Lastly, on the pole problem, there is always a story behind eveything, and this one I'm not proud of but I better share it: As Peter from Wadongah. Oz, supplied me two brand new poles and I know will be following the Blog, is probably wondering how I could break two brand new poles! Well Pete, I'm embarrassed to say your ONE hasn't broken, it's been my two old ex-North Pole ones that have broken! The Arctic / North Pole is REALLY demanding on poles. Mine survived, and being sentimental, and preferring their long cork handles (can't get them anymore) they had a few dings, but looked OK, for what I thought was pole friendly terrain! The truths are, firstly, those poles shud have been retired off, and secondly, the pole environment is not as easy as first imagined! Lessons, lessons, lessons, so obvious in hindsight!

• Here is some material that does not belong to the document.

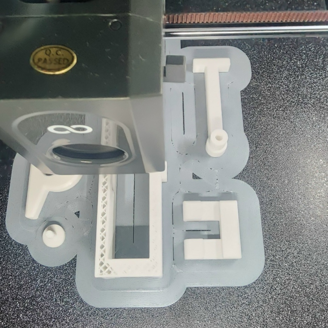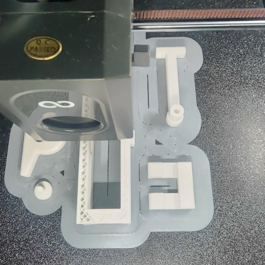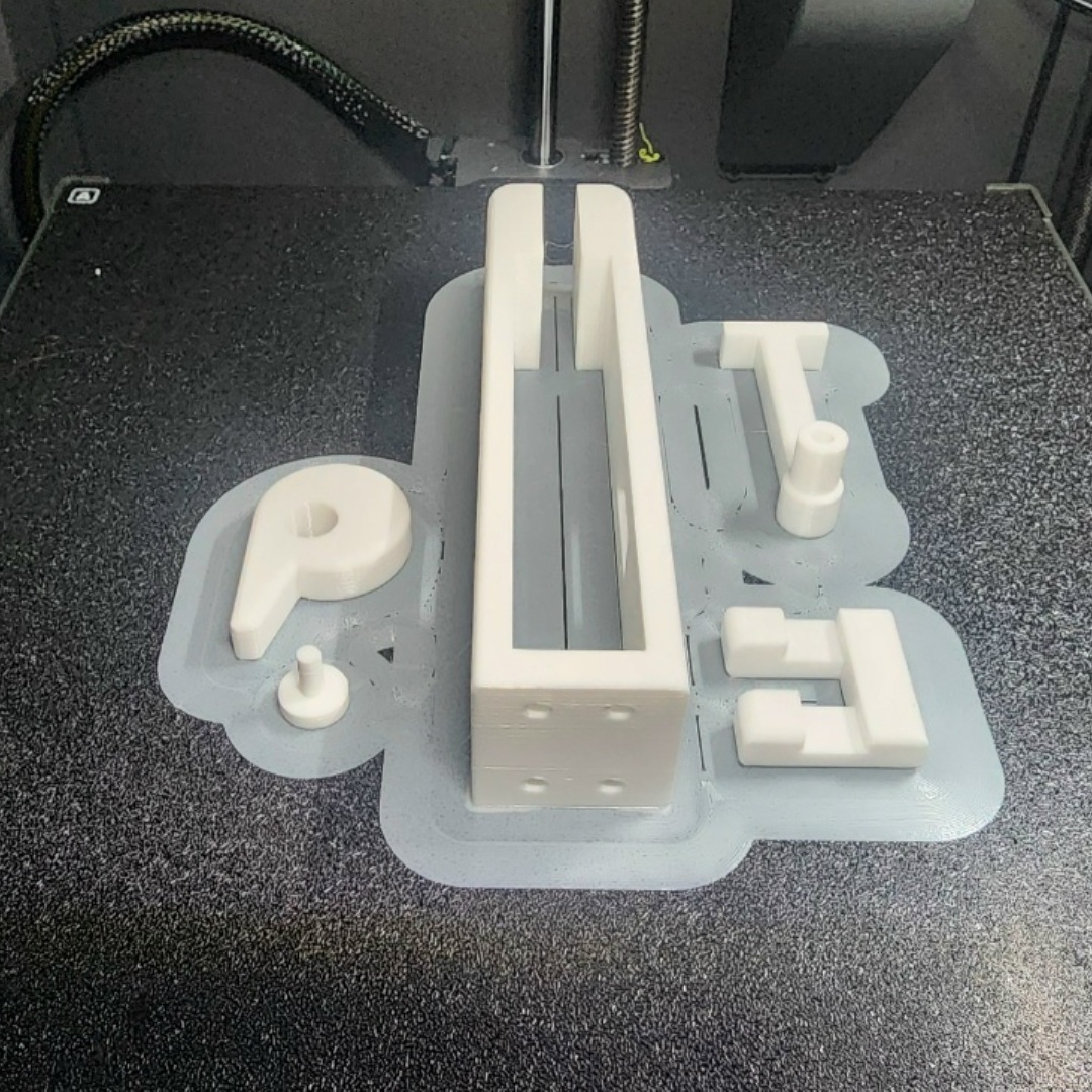 Основной целью применения гратоснимателя является удаление «грата» — технологических остаточных элементов и дефектов, неизбежно возникающих в процессе FDM/FFF-печати. Также его можно использовать для отделения модели от опорных структур-поддержек, удалять «юбки» или «кайму», которые служат для обеспечения адгезии изделия к платформе построения. На фотографиях ниже как раз пример такой каймы по периметру деталей — это позволяет удерживаться пластику на рабочей поверхности, несмотря на высокие скорости печати. Печатаю на 3D принтере Centauri Carbon от Elegoo, про который можете посмотреть подробно в моём профиле или, например, в этом обзоре с примерами настройки слайсера, общими советами и примерами печати.

I have one brand new 'spare' pole, the partner to the other one I bought from you, Pete, at Union Glacier, waiting my return! Geeeeee!

Ok, hope the detail wasn't boring... Tthis is my life at the moment, and writing this helps me prepare for the VIP day ahead! The wind is still blowing outside, strangely it makes music as it whistes through my tent guy lines, but I'm snug in my tent!



  1. Good job Howard. Not only are you one of the fastest teams on the ice this year, you're writing the longest and most interesting blog posts! Thousands of km over on the other side of the continent Sebastian Copeland had a very similar incident with a favoured old ski from a past trip breaking early on, needing replacement. I never found Antarctica to be particularly sentimental to human frailty. Or gear frailty, for that matter :-) Burn hard, soak it up, you only get one first time. D

  2. Broken poles great, that's what makes it an adventure. Now you are in it, this is what brings out the best in you!


  3. Hi Howard,
    Interesting thoughts on mother nature.Well done on the distance.Good story on the pole.In great mind space with the goal.